We all know how delicious stuffed vine leaves can be, but Roddy Damalis is intent on dishing them up with a twist; replacing meat with salmon. And yes, they are absolutely divine!
Vine leaf filling
1kg Salmon fillet (finely chopped)
4 spring onions (finely sliced)
1 cup fresh dill (finely shaved)
½ cup Basmati rice
Fine black pepper
200g vine leaves
(spinach leaves if no vine leaves
½ cup olive oil
½ cup lemon juice
3 cups water
½ teaspoon cornflour
-Mix all filling ingredients in a bowl.
-Place a vine leaf flat on a work surface.
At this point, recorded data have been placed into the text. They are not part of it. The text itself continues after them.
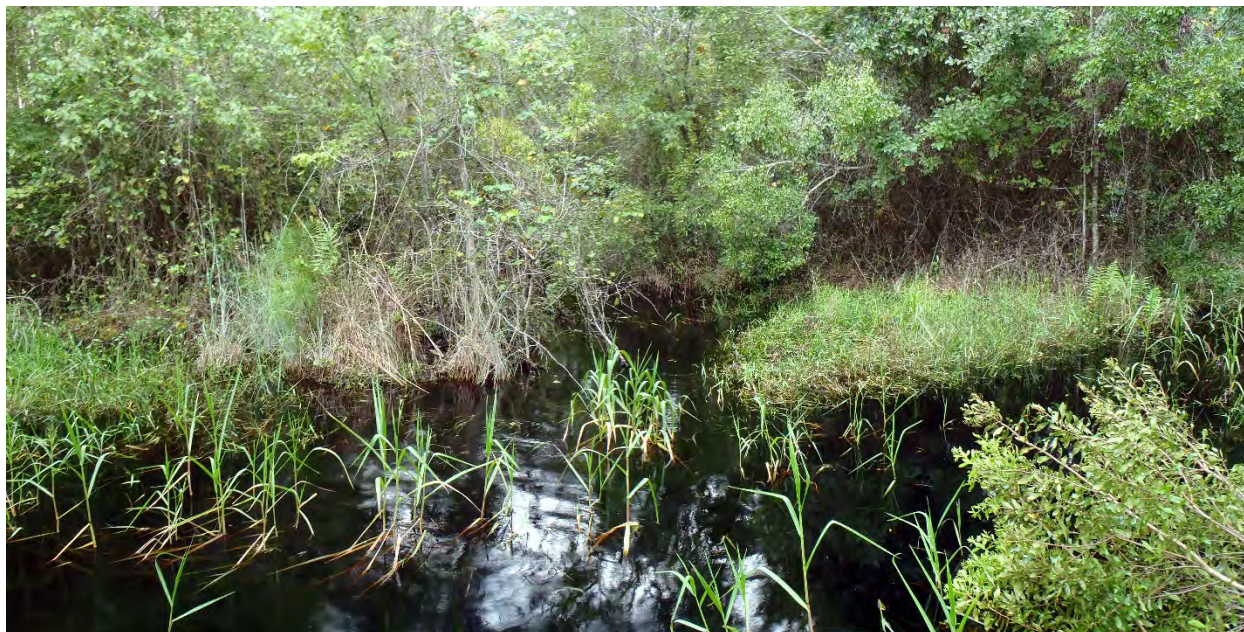
Photo 424. View of Wetland: Natural Flow-way as seen looking southwest from GPS location 7945 (Frames 2201-2202; 09/18/15).
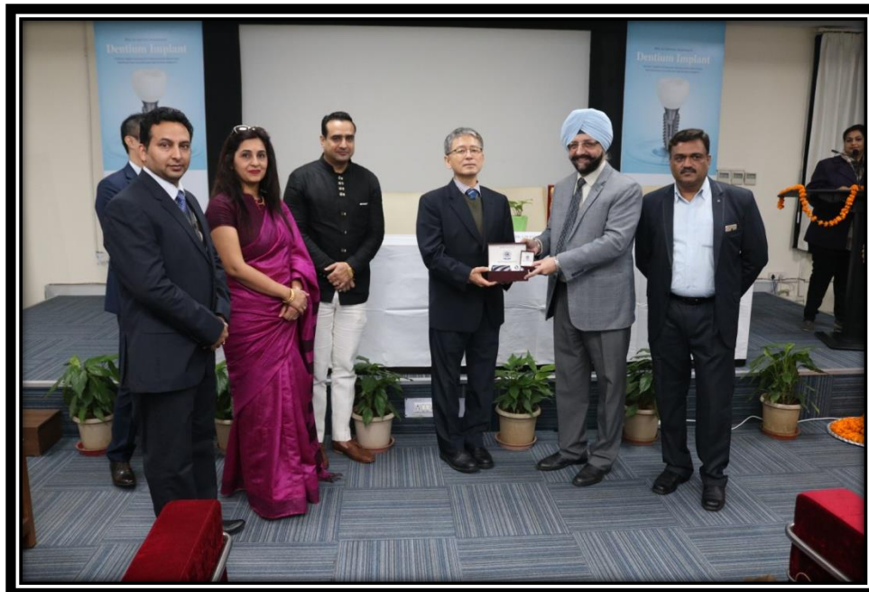
Welcome of Dignitaries by Presentation of Mementos and Gifts
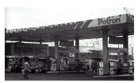
Figure 1. There is a semblance of order and cleanliness at a Petron gas station. The photograph, which is contained in an essay that favors oil deregulation, delivers a "business-as-usual" message, devoid of any complaints from customers and passers-by. (Energy Forum, April 1995, p. 3)

A semiotic interpretation of selected images reflects how the cultures of acclimatization and resistance are promoted implicitly or explicitly. Figure 1 shows a community where the gas station of Petron, one of the three biggest industry players, is located celebrating its fiesta (town celebration). The latter is manifested by the presence of banderitas (small inverted triangles in various colors attached to a long string) on the right side of the station's logo. This implies that the oil company is part of the community and that it is accepted by the residents there due to the presence of banderitas. The station is clean and this sends a message that
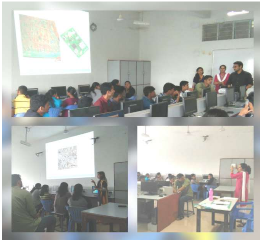
Interaction of participants with resource person

-Place a heaped teaspoon of the filling on the bottom half. Fold bottom end of leaf over the filling, then the two sides, and roll until sealed.
-Place your dolmades into a deep oven dish, tightly packed so they don’t unravel.
-Mix the sauce ingredients together, pour over dolmades and seal container.
-Bake for 1¼ hours in a pre-heated oven at 180ºC.
Vine leaves can be found in many forms: frozen, pickled in brine, freeze dried, vacuum packed (or of course, fresh off the vine! In this case, soak the leaves in salt water and then rinse before use. Blanch any remaining leaves and freeze for future use). Can be served hot or cold.